Knowledge Graphs for Improving Robot Operations in Logistics


In the context of the “Process Mining in Logistics” research project between Vanderlande Industries and TU Eindhoven, we are offering multiple Master projects on process mining on event data of large-scale material handling systems. The fundamental challenges addressed are size and volume (logistics process data is significantly larger than business processes) and integration of physical data with process and operation data.


Vanderlande is the global market leader for value-added logistic process automation at airports and in the parcel market. The company is also a leading supplier of process automation solutions for warehouses. Some figures:

  • Vanderlande’s baggage handling systems move 3.7 billion pieces of luggage around the world per year.
  • Vanderlande’s systems are active in 600 airports including 13 of the world’s top 20.
  • More than 39 million parcels are sorted by its systems every day, which have been installed for the world’s leading parcel companies.
  • More than 206 projects in 105 countries
  • Many of the largest global e-commerce players and distribution firms have confidence in Vanderlande’s efficient and reliable solutions.

Vanderlande focuses on the optimization of its customers’ business processes and competitive positions. Through close cooperation, Vanderlande strives for the improvement of our customers’ operational activities and the expansion of their logistical achievements.

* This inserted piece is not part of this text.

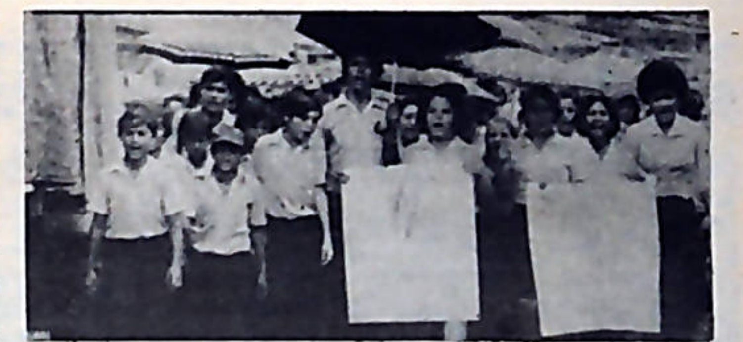
Estudiantes de los liceos de Guápiles y Guácimo se movilizaron para apoyar la lucha de UPAGRA.

Organizados en UPAGRA, y después de diez días de dura lucha, los pequeños agricultores arrancaron importantes logros al CNP. El Consejo Nacional de Producción se comprometió a: —Aceptar la presencia de fiscales de UPAGRA en la romana y laboratorio de los recibidores de maíz. —Crear dos nuevos centros de recibo del grano, uno en Carari y otro en Santa Rosa. —Poner romanas de dos caras. —Brindar asistencia técnica, trabajos demostrativos, días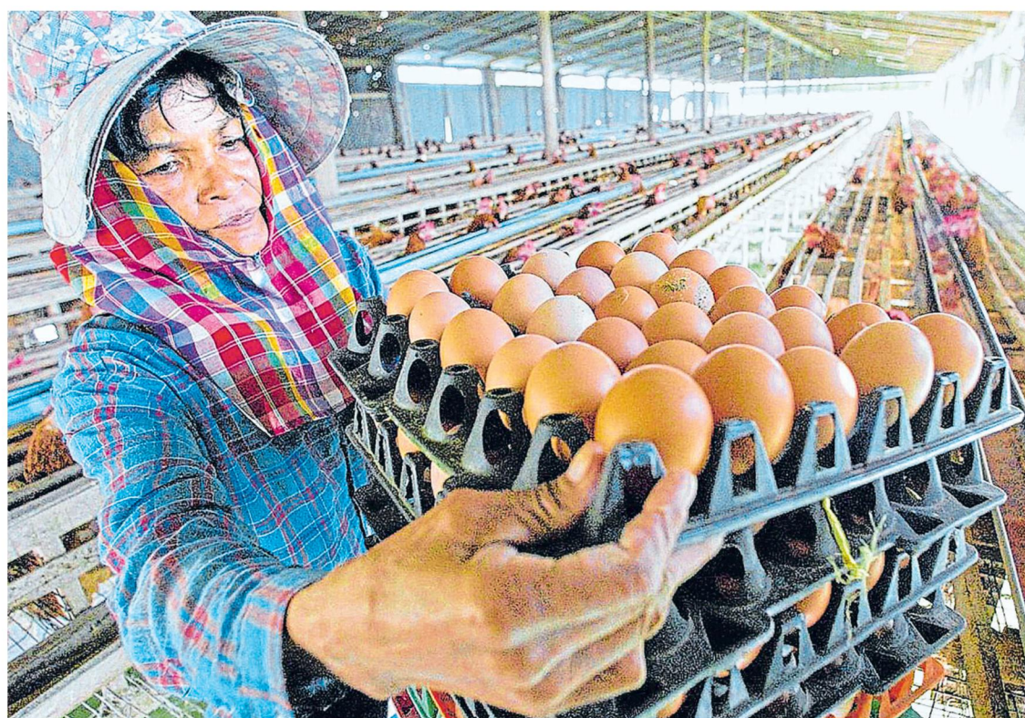
Según el Dane, el precio de los huevos se ha estabilizado, pero su valor sigue siendo alto.

En el caso de la cebolla cabeza, este producto está mostrando variaciones significativas al alza no solo en el canal mayorista sino en el minorista. El kilo se en-

For Vanderlande, it is critical to have state-of-the-art techniques to analyze and optimize our customers’ logistics processes. Reasons are (a) the constantly increasing size and complexity of our material handling solutions, (b) growing complexity of our software solutions, covering larger and larger parts of our customers’ business processes, and (c) the demand for more advanced service offerings, covering logistics and business services together. Vanderlande believes that process mining is of high value for the company. Therefore, Vanderlande works with the Eindhoven University of Technology on making process mining fit for analyzing logistics processes. In this context, Vanderlande offers graduation positions on process mining and the application in our business.

Offered Topic

Vanderlande offers automated warehouse solutions to their customers. Part of these solutions are industrial robot arms that can stack and de-stack products. One type of robot arms can remove products of the same type from a pallet sent by a supplier, called “depalletizing”. Think of a pallet full of stacked boxes of pasta bags that all have to be removed to be distributed further one by one. The other type of robots carefully stacks products of different sizes, weight and stability into roll cages, called “palletizing”. Think of stacking beverages, pasta, chocolate, flour, toilet paper etc. to be delivered to a single supermarket. A planning program gives the robot the ideal placement of all products in the roll cage (heavy products at the bottom, lighter products at the top, place products only on the stable edges of other boxes underneath etc.).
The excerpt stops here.